Oh, I don't think that he liked it; I just think that he knew it. Had it been something that he embraced, he would have been a very different writer, and definitely a different person.
posted by kittens for breakfast at 6:35 AM on August 28, 2010


There are two broad modern ways of enjoying Lovecraft : First, you may read from the cold war realization that yes the world actually could be destroyed, thus finding his stories scary. Second, you could read from the comic book like perspective that damn that sounds bad ass. To me, neither sounds particularly racist.

All this talk about the racism of dead writers sounds like the debate over a gender neutral pronoun. I stopped listening to Cat Stevens because he basically continues to support the threat against Salman Rushdie, but they are both my contemporaries, and I'd never care if my grand kids my like Cat Stevens.

I'll also observe that Lovecraft's most tangible racism is actually against inbred country people, a racism we still whole heartedly embrace, well for humor at least.
posted by jeffburdges at 8:40 AM on August 28, 2010


jeff, have you actually read Lovecraft's work? His stories are full of swarthy, subhuman foreigners and degenerate cults of mulattoes. I'm not sure where you get the idea that his most tangible racism is anti-hillbilly; go read Pickman's Model or The Street or Arthur Jermyn. Lovecraft hated and despised black people and foreigners. It's in very nearly every story he ever wrote.
posted by Pope Guilty at 8:58 AM on August 28, 2010


I think it was The Rats in the Walls that he had a character who'd named his black cat Niggerman. :-/
posted by Guy_Inamonkeysuit at 10:28 AM on August 28, 2010


Technically, Lovecraft's cat was named Nigger-man. The cat in "The Rats in the Walls" was named for his cat.

the more you knoooooow!
posted by Pope Guilty at 10:57 AM on August 28, 2010


Man, you guys never want to watch Dambusters.
posted by Artw at 11:52 AM on August 28, 2010


The Rats in the Walls scared the crap out of me when I read it. HPL was the master of building a sense of dread of what was coming that was worse than even the horror of came to be.
posted by Tashtego at 4:48 PM on August 28, 2010


To be fair, this was not an exceptional name for a cat at the time.
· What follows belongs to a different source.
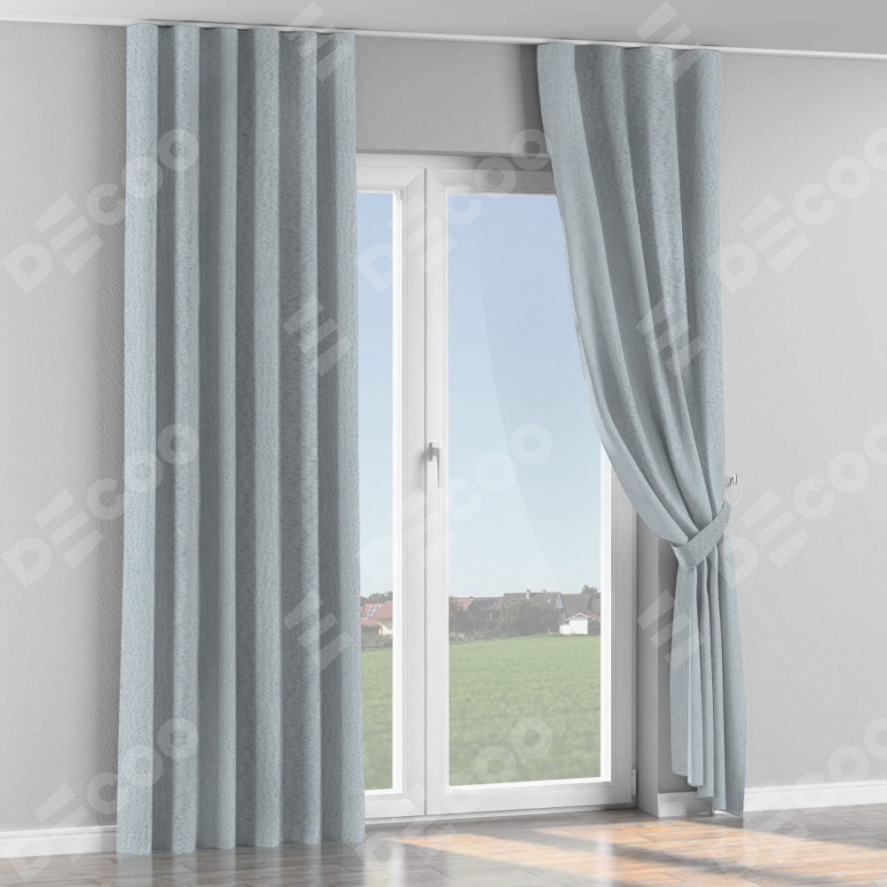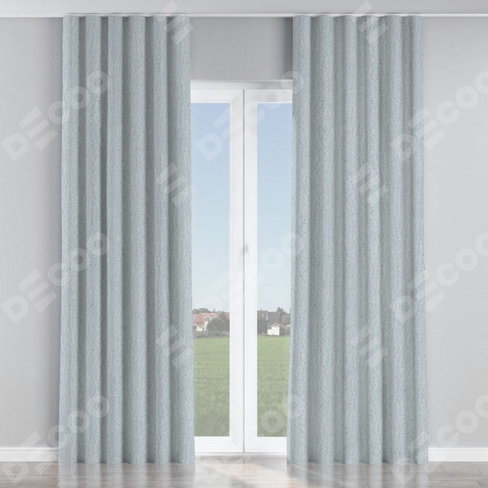 Комплект прямых штор, от производителя «Cortin», пошиты из ткани лён димаут серый, артикул ткани F3. С изнаночной стороны в верхней части штор пристрачивается шторная лента с декоративными складками «Волна». Для создания элегантных складок прямые шторы шьются по стандарту с коэффициентом 1:2 (на 100 см. ширины проёма 200 см. ширины ткани).

Lovecraft's racism was noticeable and remarked-upon by his contemporaries (including his wife), so it was out of the ordinary even for his time.
posted by GenjiandProust at 7:00 PM on August 28, 2010


More audio goodies...

Robert Bloch Speaks of Lovecraft and More from the Grave


(Though I still have a sneaking suspicion that nobody here actually listened to the first set)
posted by Artw at 4:15 PM on September 20, 2010


Though I still have a sneaking suspicion that nobody here actually listened to the first set

It's in my To Listen To folder!
posted by fearfulsymmetry at 3:27 AM on September 21, 2010


Also, for fans of the endless racism debates:

Robert E. Howard was a racist. Deal with it.